Our current operating funds are not sufficient to cover current research and development needs, as well as anticipated operating overheads, professional fees and regulatory filing fees over the next twelve months. In addition, our business plan calls for significant expenses in connection with the development of further SnapTagz functions, international expansion and potential acquisition of complementary technologies. Therefore, we will need to obtain additional financing in order to complete our full business plan.

We currently do not have any arrangements for financing and we may not be able to obtain financing when required. Obtaining additional financing would be subject to a number of factors many of which are beyond our control. These factors may make the timing, amount, terms or conditions of additional financing unavailable to us.

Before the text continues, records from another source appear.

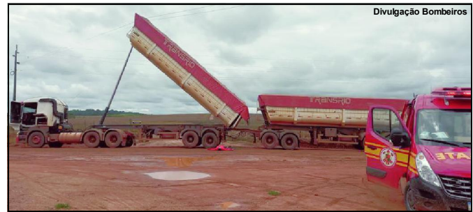
Contato da Carroceria com rede elétrica provocou descarga em trabalhador

Floresta, por meio de sua unidade na cidade, recebeu a solicitação para atendimento em uma ocorrência na Rodovia MT 010 - onde um condutor basculou uma carreta e a caçamba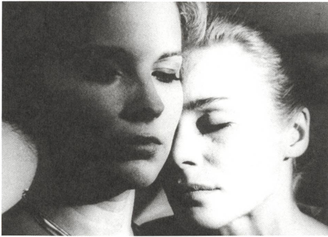
Tystnaden / Das Schweigen (1963) Regie: Ingmar Bergman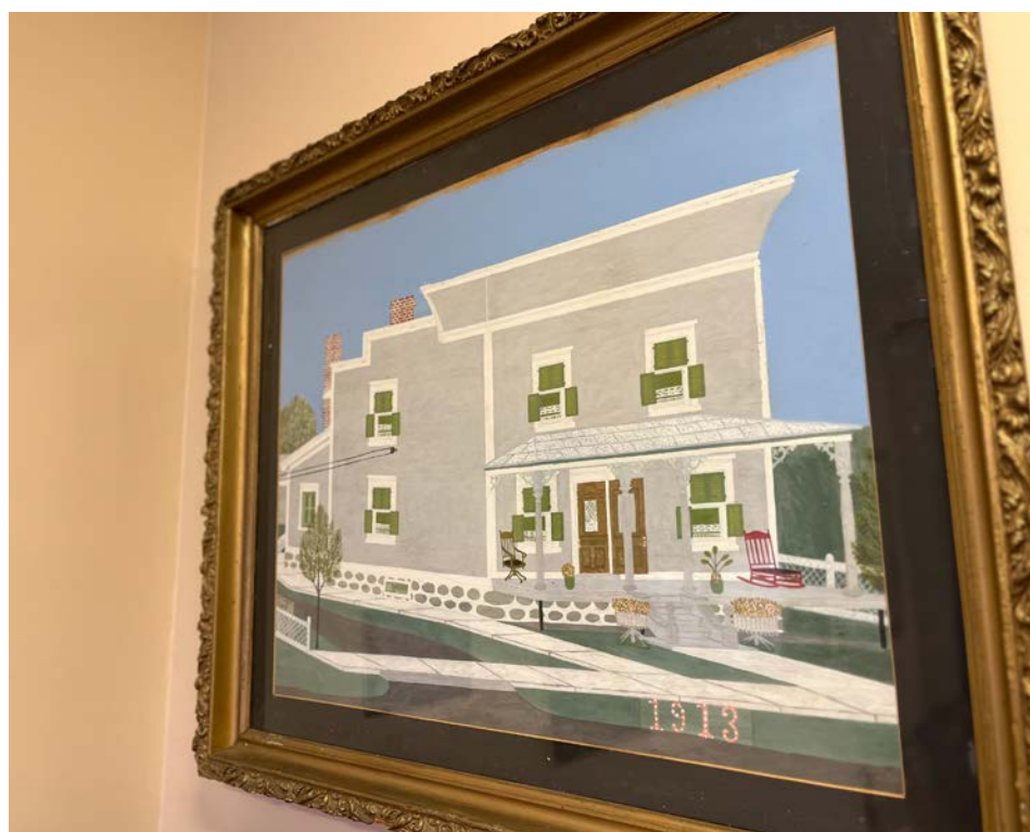
Qui a peint cette maison grise, dont le site est aujourd'hui occupé par COTE 100?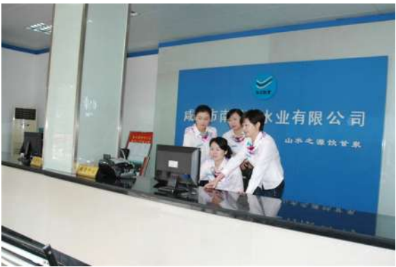
公司员工学习场景

服务为先，秉各项承诺，科学发展创和谐社会；民生为本，送一股甘泉，远景规划建美好未来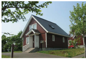
来町体験型の返礼品を追加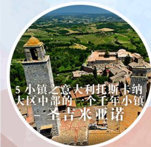
5 小镇之意大利托斯卡纳 大区中部的一个千年小镇 - 圣吉米尼亚诺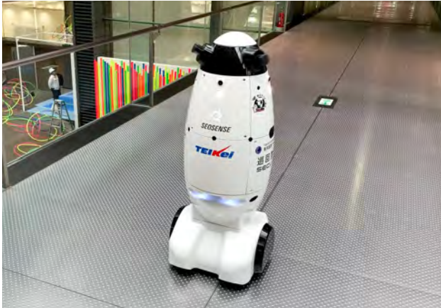
当社既存現場実走風景

警備ロボットは高度な経路計算による優れた自律移動性を有し、混雑下においても安全・迅速な移動を実現。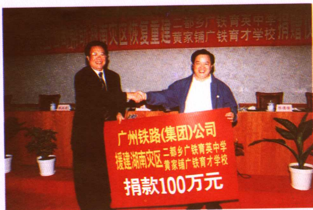
集团公司捐资百万援建灾区两学校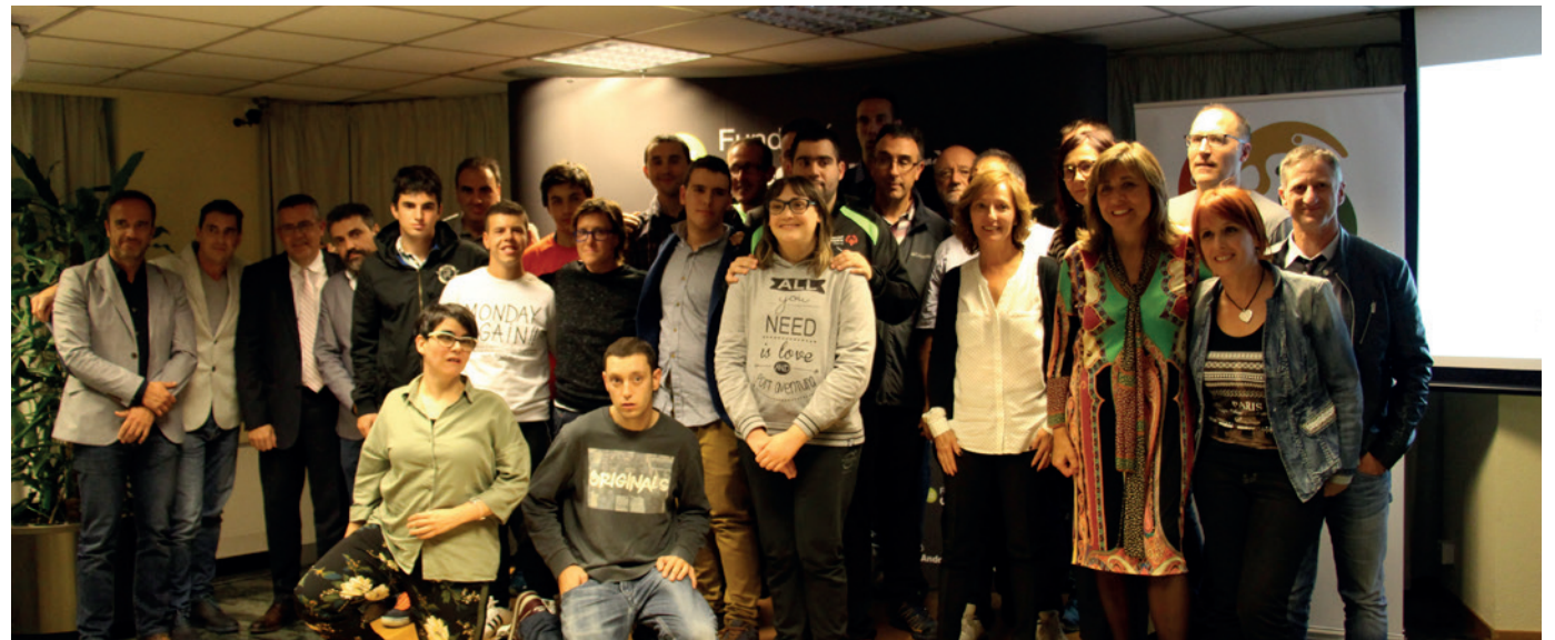
Delegació d'Special Olympics Andorra.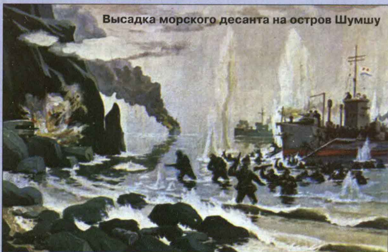
Высадка морского десанта на остров Шумшу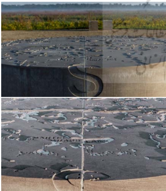
تصویر ۱. ساخته شده از مواد بومی و طبیعی، تغییر فصول و شرایط آب و هوایی تکمیل می‌شود.

فلسفه دیزاین مبتنی بر ایجاد گفتگو بین بازدیدکننده و جهان طبیعی است. رویکرد این پروژه نوآورانه است و تابلوهای فلزی، نیمکت‌های سنگی، میزهای تفسیری و نرده‌های پل را به‌عنوان مجرای داستان‌گویی معرفی می‌کند. این رویکرد نشان می‌دهد که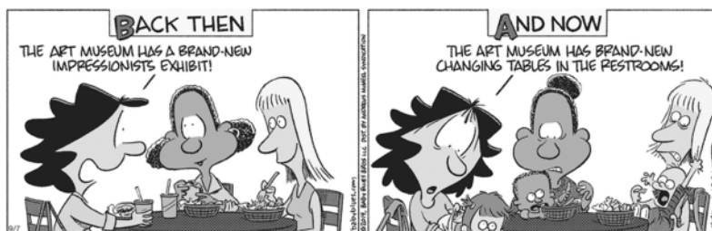
Baby Blues by Rick Kirkman and Jerry Scott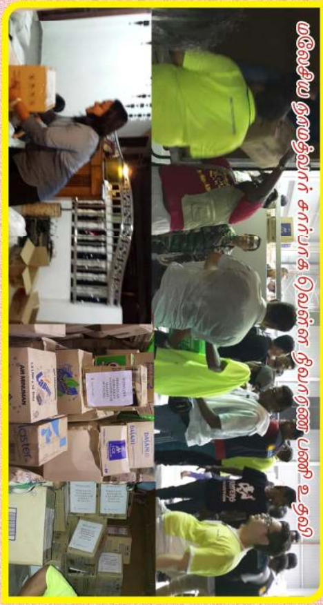
மலேசியா டிரைவர்கள் சார்பாக வெள்ள தீவிரண பணி உதவி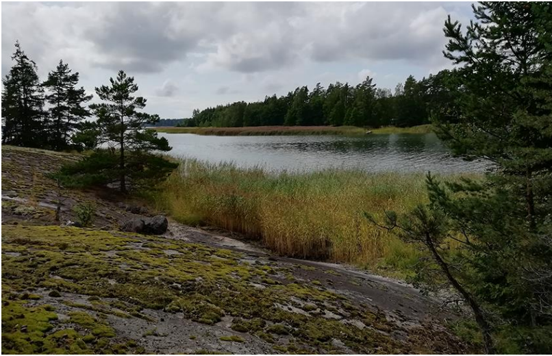
Bild 3. Det kala berget mellan kvarteren 5 och 6 i förgrunden, områdets västligaste strand på andra sidan viken.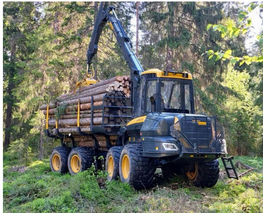
Kainuun ammattiopiston metsäkoneiden ajoharjoitteluympäristö.

Akkukemikaaliyhtiö Terrafame Oy on hyödyntänyt useamman vuoden ajan oppisopimuskoulusta niin uuden henkilöstön rekrytoinnissa kuin myös työsuhteessa olevan henkilöstön osaamisen kehittämiseksi. Terrafame Oy on tarjonnut myös alaa opiskeleville opiskelijoillemme kesätöitä sekä mahdollisuutta kesäajan oppisopimukseen nopeuttamaan opintojen suorittamista.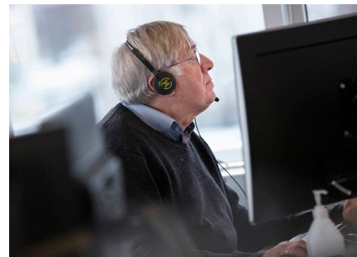
Sviþmyndir úr símaveri, ljósmyndir Þorkell Þorkelsson.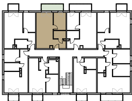
RZUT I PIĘTRA BUDYNEK A

Przedstawiona oferta ma charakter informacyjny, nie stanowi oferty handlowej w rozumieniu Art.66 par.1 Kodeksu Cywilnego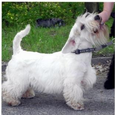
ALBAROSSII'K HIGH HOPE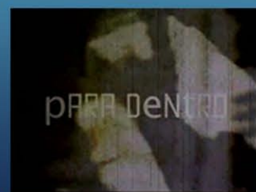
videoarte Para Dentro (2009)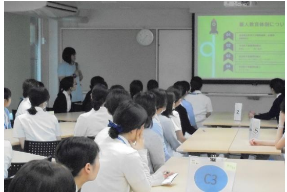
手厚い看護教育システムを紹介

この研修は初めての企画でしたが、就職活動に向けて非常に参考になったことや、奈良医大の魅力を改めて知るきっかけになったようです。「奈良医大に就職したいです！」と言ってくれた学生もいました。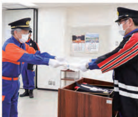
新団長へ任命状が 交付されます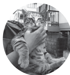
▲南竹島町手術済みネコ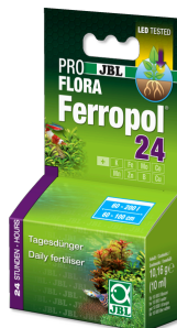
JBL PROFLORA Ferropol 24

Fertilizante de plantas para aquários de água doce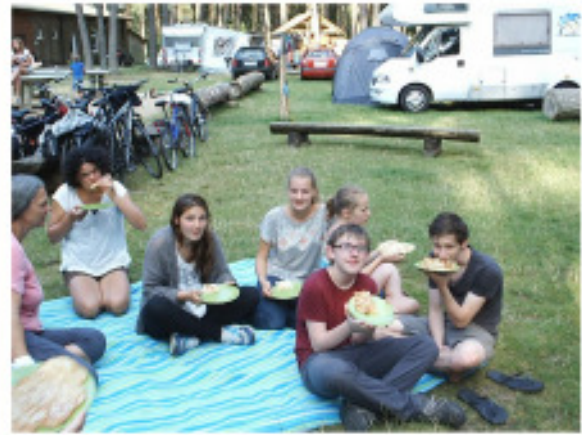
Abbildung 5: Der Eierkuchen ist ja lecker.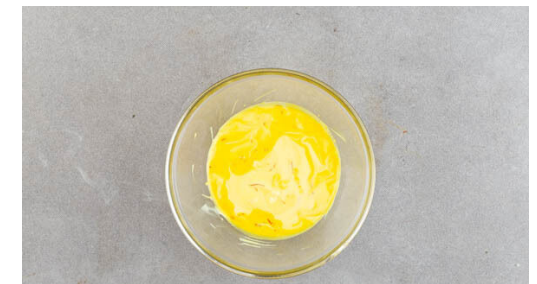
6. Joghurt würzen

Den Blumenkohl in mundgerechte Röschen schneiden und auf einem mit Backpapier ausgelegten Backblech mit der Gewürzmischung , 2EL Olivenöl und ½TL Salz vermengen. Im oberen Teil des Backofens 15-20Min. backen, bis der Blumenkohl appetitlich gebräunt ist. Zum Abkühlen aus dem Ofen nehmen.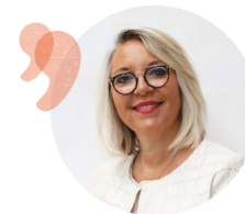
Laurence FAUTRA MAIRE DE DÉCINES-CHARPIEU

Hâte de vous y retrouver pour partager de formidables moments ensemble.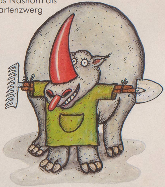
Das Nashorn als Gartenzwerg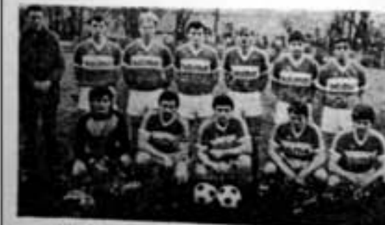
NK «Slavonac» Gradište mora čekati novu priliku

Pobjedom u osmatračnici susreta posljednjeg kola Općinske nogometne lige Županja na gostovanju kod «Posavca» u Posavskim Podgajcima nogometaši «Sloga» iz Račinovaca ostvarili su i svoj drugi ovogodišnji uspjeh. Naime, nakon ostvarenja ovogodišnjeg Kupa oslobođenja naše općine oni su postali i prvaci Općinske nogometne lige i na taj način stekli pravo na sudjelovanje u kvalifikacijama za plasman u Međuopćinsku nogometnu ligu Slavonije i Baranje. U ovim kvalifikacijskim susretima nogometaši iz Račinovaca će se sastati s prvcima Općinskih liga Vinkovci i Đakovo.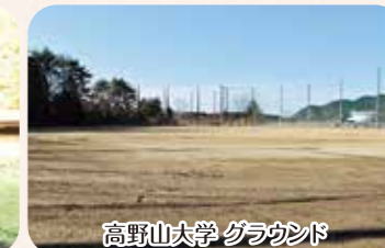
高野山大学 グラウンド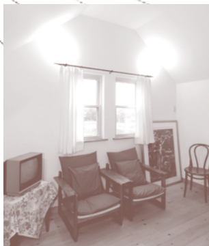
ドライウォール施工事例

室内の壁は、全て北米と同じドライウォール（塗り壁）仕上げ。 カナダ製の間接照明を当てると、そこはお洒落なカフェを思わせます。 室内に使われる塗料もカナダの水溶性塗料（PARAペイント）を使っているため、 アレルギー体質の方でも安心で、いやな臭いもありません。

Our Certificate of Incorporation provides for indemnification of officers and directors at our expense and limits their liability, which may result in a major cost to us and hurt the interests of our stockholders because corporate resources may be expended for the benefit of officers and/or directors.
 
Our certificate of incorporation and applicable Delaware law provide for the indemnification of our directors and officers against attorney’s fees and other expenses incurred by them in any action to which they become a party arising from their association with or activities on our behalf. This indemnification policy could result in substantial expenditures by us that we will be unable to recoup. 

 
 

 

We have been advised that, in the opinion of the Commission, indemnification for liabilities arising under federal securities laws is against public policy as expressed in the Securities Act, and is, therefore, unenforceable. In the event that a claim for indemnification for liabilities arising under federal securities laws, other than the payment by us of expenses incurred or paid by a director, officer or controlling person in the successful defense of any action, suit or proceeding, is asserted by a director, officer or controlling person in connection with the securities being registered, we will (unless in the opinion of our counsel, the matter has been settled by controlling precedent) submit to a court of appropriate jurisdiction, the question whether indemnification by us is against public policy as expressed in the Securities Act and will be governed by the final adjudication of such issue. The legal process relating to this matter, if it were to occur, is likely to be very costly and may result in us receiving negative publicity, either of which factors is likely to materially reduce the market and price for our shares if such a market ever develops. 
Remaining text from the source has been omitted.